Легкая нажива
Шрифт:
— Значит, она не останавливалась у вас в ту ночь?
— Нет, только попрощалась по телефону, вот и все.
— Вы не думаете, что Бетти могла переночевать в вашем домике в пустыне?
— Нет, она сказала бы, что едет туда... Стой! Я помню, она сказала, что высылает мне ключи почтой. А я их и не получила, да и не вспоминала о них до этой минуты. Бетти тогда извинилась за то, что не сможет привезти ключи лично, сказала, у нее так много дел утром, нужно закрыть все свои дела и она чувствует, что ей на все не хватит времени.
— Банк, машина — вот что ей надо было сделать. Но что-то помешало
— Так почему она не приехала на похороны и почему не вернулась сюда и не покончила с делами, которые здесь остались?
— Не знаю. Если бы знать.
— Если бы Бетти уехала отсюда, то уехала бы на своем автомобильчике, а этот адвокат из Сан-Франциско говорит, что он до сих пор стоит в аэропорту, там, где она его оставила.
— Да, верно. Думаю, я съезжу туда, в ваш домик, и посмотрю там, если вы не возражаете и дадите мне ключ.
— Ключ я тебе дам, Хью. Все это начинает меня ужасно беспокоить, я боюсь за нее. Я нутром чувствую, что этот адвокатик прав. Если б с ней ничего не случилось, она прислала бы мне хоть открыточку, потому что она внимательная девочка. Она... Как будто меня снова... Как вроде я снова переживаю свой прежний позор, опять прыгаю на этих старых железных кроватях в паршивых отелях от Акрона до Атлантик-Сити, и все ради того, чтобы выйти на сцену в блестках и подавать полупьяному фокуснику его проклятый цилиндр или тросточку с секретом, да деньги, которые мне или не платили, или одалживали обратно. От такой жизни сердце превращается в камень. Но в конце этого пути я нашла себе человека, и он постепенно вернул меня к жизни. Все, что было до него, стало казаться или кошмарным сном, или несуществовавшим.

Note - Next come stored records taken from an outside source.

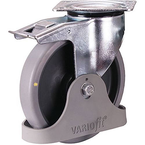 Szürke, hőre lágyuló gumi kerekek műanyag peremen, precíziós golyóscsapágyakkal. A keréktest elektromosan vezető polipropilénből készült, elektromos ellenállása kevesebb, mint 1 000 000 ohm. A fékezett forgó kerekek lábvédelemmel vannak felszerelve. Szürke foltmentes futófelület. Alacsony zajszint, alacsony gördülési ellenállás. Hőállóság -20 és +80 °C között, magas kopásállóság. Keménység 65° Shore A.
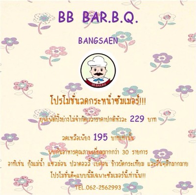 ร้านตั้งอยู่ในซอบมาบมะจมหรือซอยสามเเยกตลาดมังมุข ราคาตอนนี้หัวละ 195 บาท ลดจากราคา229บาท เป็นโปรโมชั่นช่วงซัมเมอร์ไม่รวมน้ำ น้ำจิ้มอร่อยรสชาดคล้ายบาบีคิวพลาซ่าเลย หั่นหมูบ๊างบาง นอกจากนร้มีพวกกุ้งหมุกปลา เเละอีกหลายอย่างดูเพิ่มเติม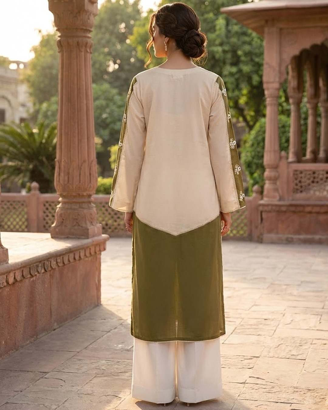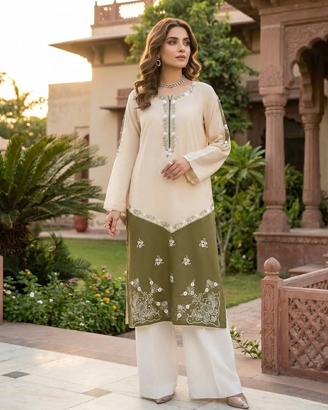 - Hand embroidery, motives, spray work on the daman, neck, and sleeves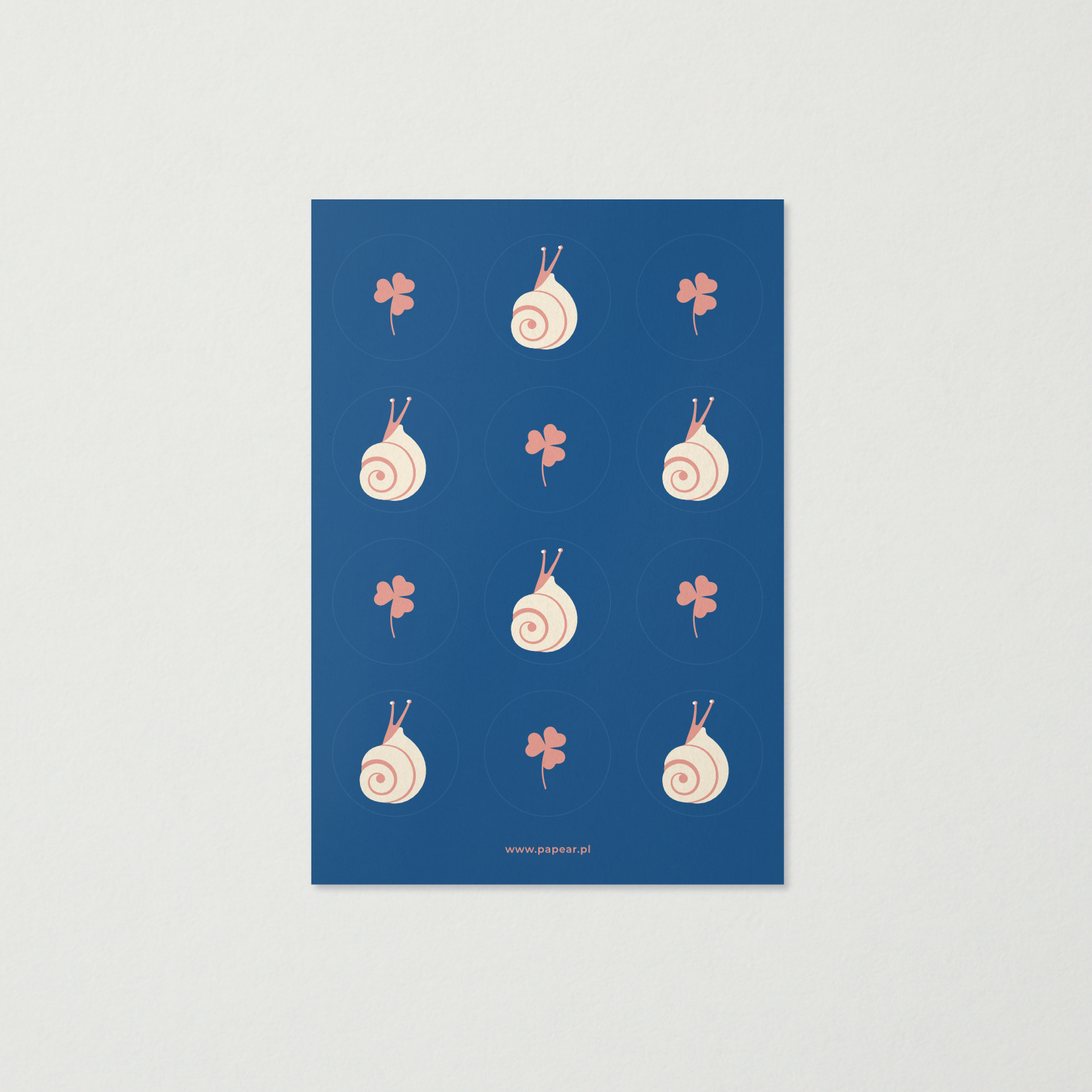 Zestaw 12 papierowych, kolorowych naklejek z motywem ślimaków i listków koniczyny. Idealne do zaklejenia koperty czy ozdobienia notesu lub paczki z prezentem. Wysoka jakość wydruku i piękny, włoski, matowy papier bezdrzewny zadowolą każdego miłośnika papierniczych drobiazgów. Naklejki mają format pocztówki, dzięki czemu sprawdzą się także jako dodatek do upominku.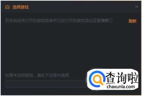 如果你想直播的是一款新游戏还没有直播过,就需要点击游戏就会看到如下图示,直接选入新游戏即可。
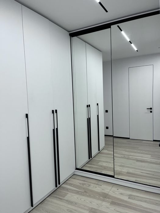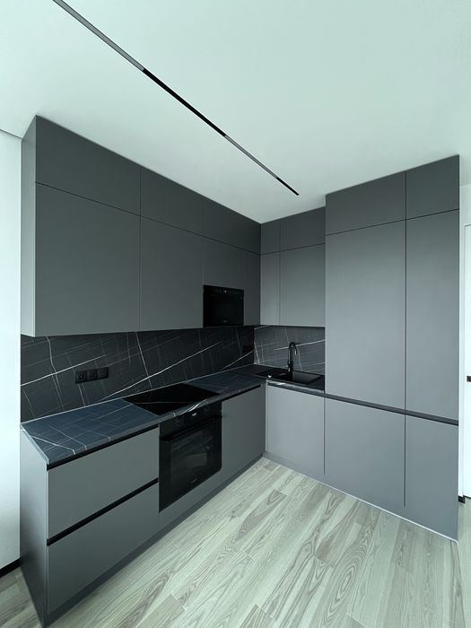 вбудована техніка: мікрохвильовка, духовий шкаф, посудомийка, індукційна плита, витяжка, холодильник.

Уезжая от нее, Хью взял ключ и в середине следующего дня съездил в каменный домик в пустыне. Тишина и пустота дома убили его. Он видел Бетти так явственно — каждое движение, позу, выражение лица, и за тишиной слышал малейшие оттенки ее голоса. Здесь их любовь впервые обрела свое завершение, и это было много больше того, чего каждый из них ожидал.
Здесь слишком многое напоминало о ней. Все здесь было слишком личное, слишком особое, слишком памятное. Но Хью не нашел ни малейшего признака того, что Бетти провела здесь эту ночь. Если бы да, то она оставила бы след, какой нашла бы нужным.
Обратно он ехал очень быстро, терзая автомобиль на неровной дороге. Хью передал ключ Мэйбл и сообщил, что ничего не обнаружил.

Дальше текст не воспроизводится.